# Seperate Electrical Problems



## brewer79 (Feb 17, 2014)

I have two electrical problems, they are separate and don't run on the same circuit.

The first, and I think is the easiest, is my outdoor porch light. It's controlled by a switch inside. The light no longer turns on, and yes it's not the bulb. I took the switch out and replaced it but apparently the outlet isn't hot anymore. Is this going to be a major fix?

The second problem involves a three way switch downstairs. Only one switch works properly right now. I tried to isolate the hot wire but only found that it's hot in one box, not the other. I'm thinking that might be a major problem. 

Any advice would be greatly appreciated.


----------



## nealtw (Feb 17, 2014)

Welcome to the site.
Squirals in the attic????


----------



## Wuzzat? (Feb 17, 2014)

brewer79 said:


> *A* Is this going to be a major fix?
> 
> *B* The second problem involves a three way switch downstairs.



*A* Less so if you know what all else is on the same breaker.  You might also start looking for a tripped GFCI somewhere.

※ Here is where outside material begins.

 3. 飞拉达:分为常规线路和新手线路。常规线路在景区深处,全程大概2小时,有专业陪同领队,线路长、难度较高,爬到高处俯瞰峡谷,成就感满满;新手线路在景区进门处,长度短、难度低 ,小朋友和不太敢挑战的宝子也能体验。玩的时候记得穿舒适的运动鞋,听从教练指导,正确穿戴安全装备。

*B* Three way switches have Phantom Voltages 
https://www.nema.org/Technical/Documents/Bull_88_reaffirmed_12_15_11.pdf
which will really confuse because the voltage you read depends on the type of meter you use.  
I recommend a 120v, 100w or larger incand bulb in a socket with pigtail leads as a tester.  Almost any hardware store carries this item.
If you put your multimeter across the bulb you have made a low impedance meter as mentioned in the link.

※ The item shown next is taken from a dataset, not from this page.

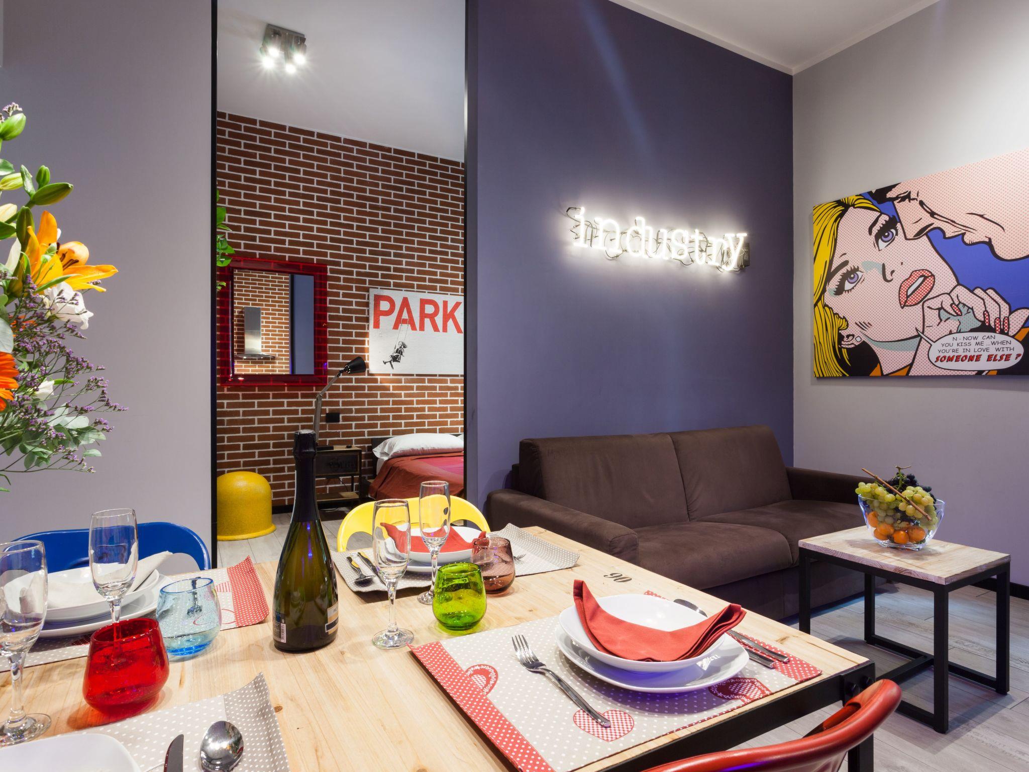 The interiors have been realised with attention to detail: each flat boasts spacious bedrooms, comfortable living rooms with large sofa beds, fully equipped kitchens and bright and spacious bathrooms. Guests' comfort is ensured by beds with new-generation mattresses, spacious wardrobes, large mirrors, desks, as well as'accesso a SKY TV e Wi-Fi, rendendo ogni soggiorno il più confortevole e accogliente possibile.

You'll need to figure out which of the three switch terminals in the switches are the wiper/common terminals and which are the switched terminals.  Usually the wiper screw is a different color than the other two screws.
If you don't like troubleshooting of the very tedious kind, take a gamble and replace both switches.  But, I recommend the troubleshooting! 
BTW, test each switch before install with a multimeter.

Good problem, in any case.


----------



## bud16415 (Feb 17, 2014)

I don&#8217;t see why you would get more phantom voltages off a 3way than any other home wiring circuit. Don&#8217;t use a homemade light bulb tester if you don&#8217;t want to use a meter then buy a little two wire voltage tester with a light. 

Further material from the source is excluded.